▶ [Work to complete]: Look through the entries below and copy exactly the part that begins with the line containing "梅もどきの交配用の雄木素材で" and ends with the line containing "在这里零件是主要的消耗资源,它可以用来购". Do not copy the pictures.
::: Recorded data
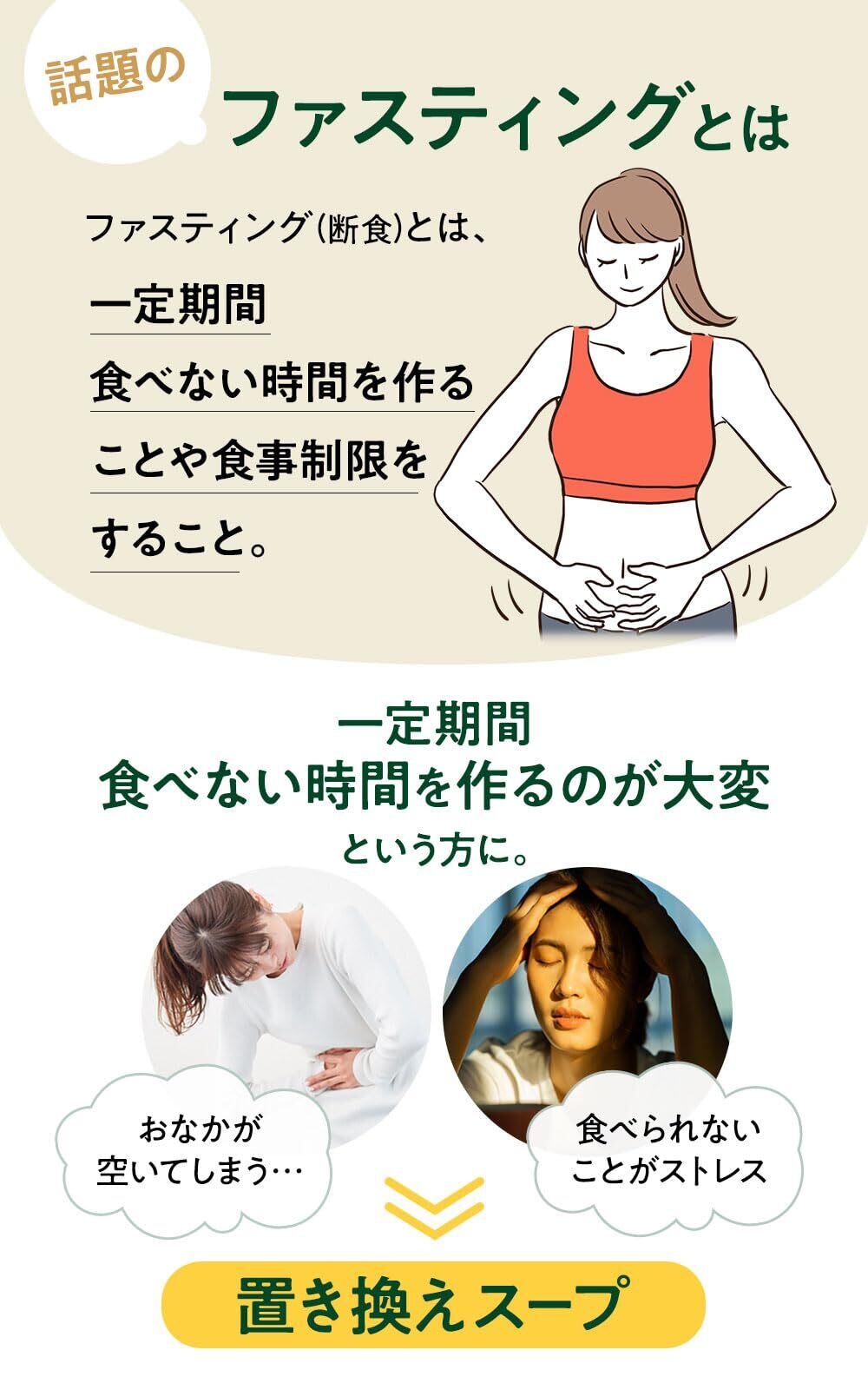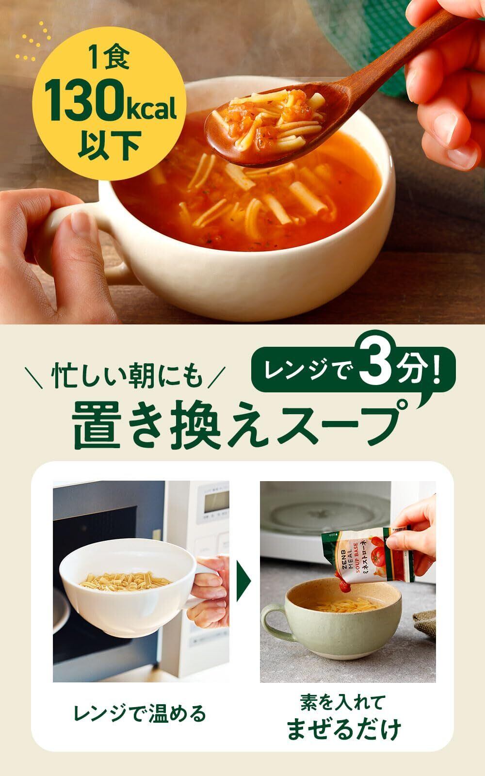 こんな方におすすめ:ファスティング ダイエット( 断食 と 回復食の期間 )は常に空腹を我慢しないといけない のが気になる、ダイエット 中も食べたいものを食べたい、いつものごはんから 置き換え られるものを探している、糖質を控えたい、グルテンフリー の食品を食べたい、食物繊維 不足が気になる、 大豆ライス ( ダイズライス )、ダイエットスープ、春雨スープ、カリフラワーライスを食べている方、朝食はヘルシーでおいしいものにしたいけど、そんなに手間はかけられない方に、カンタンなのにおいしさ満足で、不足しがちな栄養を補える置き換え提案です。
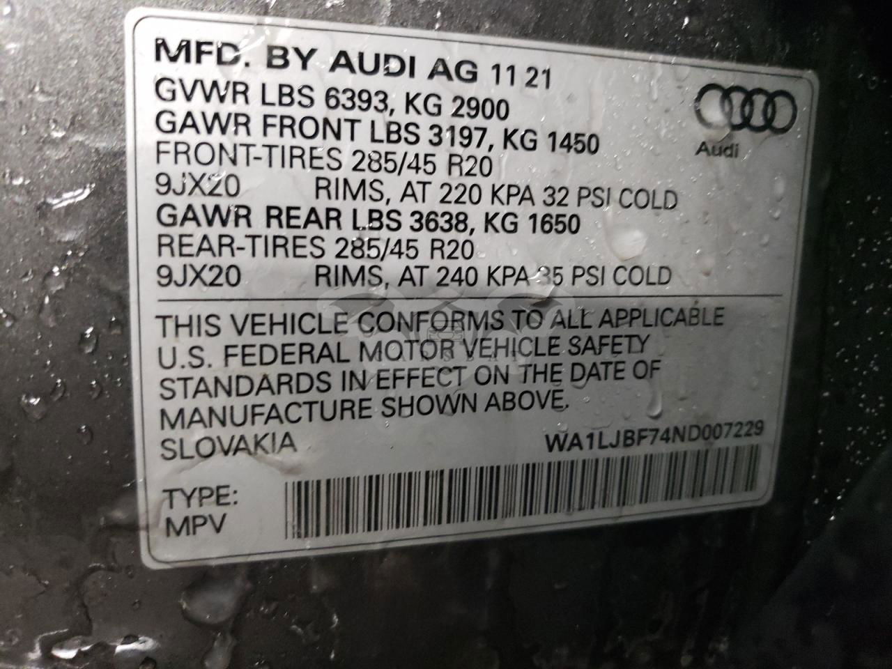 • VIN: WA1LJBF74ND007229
::::::
::: Recorded data
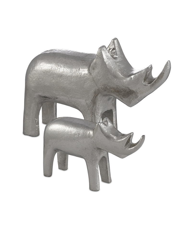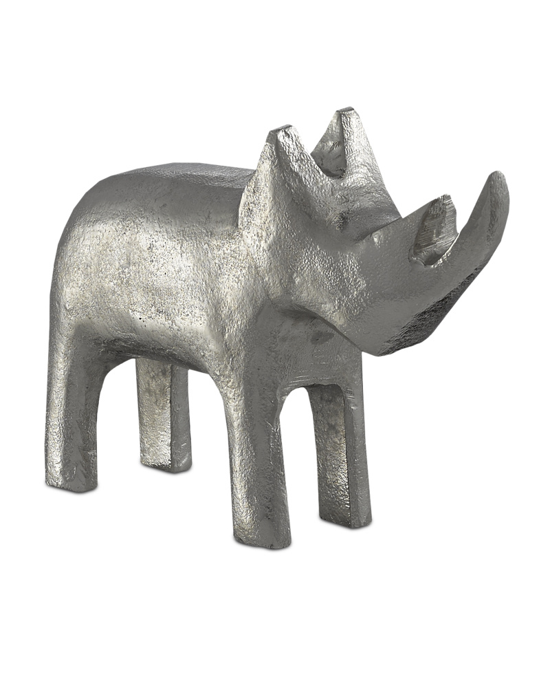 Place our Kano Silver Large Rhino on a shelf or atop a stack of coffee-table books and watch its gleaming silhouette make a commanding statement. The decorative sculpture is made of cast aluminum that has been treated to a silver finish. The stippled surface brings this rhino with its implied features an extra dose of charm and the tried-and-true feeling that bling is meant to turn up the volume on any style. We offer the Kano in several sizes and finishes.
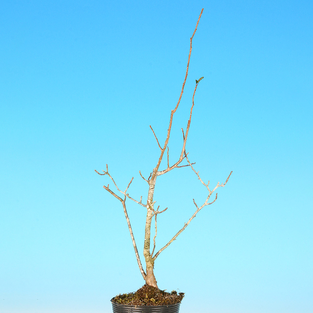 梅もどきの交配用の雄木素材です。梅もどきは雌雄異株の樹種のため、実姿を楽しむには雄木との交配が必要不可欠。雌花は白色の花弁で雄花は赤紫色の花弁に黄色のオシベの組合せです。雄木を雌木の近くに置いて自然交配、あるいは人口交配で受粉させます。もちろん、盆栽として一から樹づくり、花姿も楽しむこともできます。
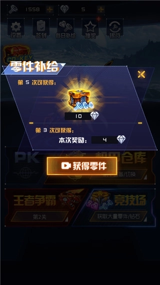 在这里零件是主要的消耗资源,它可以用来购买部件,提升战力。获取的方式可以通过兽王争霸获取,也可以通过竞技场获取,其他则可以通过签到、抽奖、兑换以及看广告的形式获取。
::::::
▶ [Your solution]:
 梅もどきの交配用の雄木素材です。梅もどきは雌雄異株の樹種のため、実姿を楽しむには雄木との交配が必要不可欠。雌花は白色の花弁で雄花は赤紫色の花弁に黄色のオシベの組合せです。雄木を雌木の近くに置いて自然交配、あるいは人口交配で受粉させます。もちろん、盆栽として一から樹づくり、花姿も楽しむこともできます。
 在这里零件是主要的消耗资源,它可以用来购买部件,提升战力。获取的方式可以通过兽王争霸获取,也可以通过竞技场获取,其他则可以通过签到、抽奖、兑换以及看广告的形式获取。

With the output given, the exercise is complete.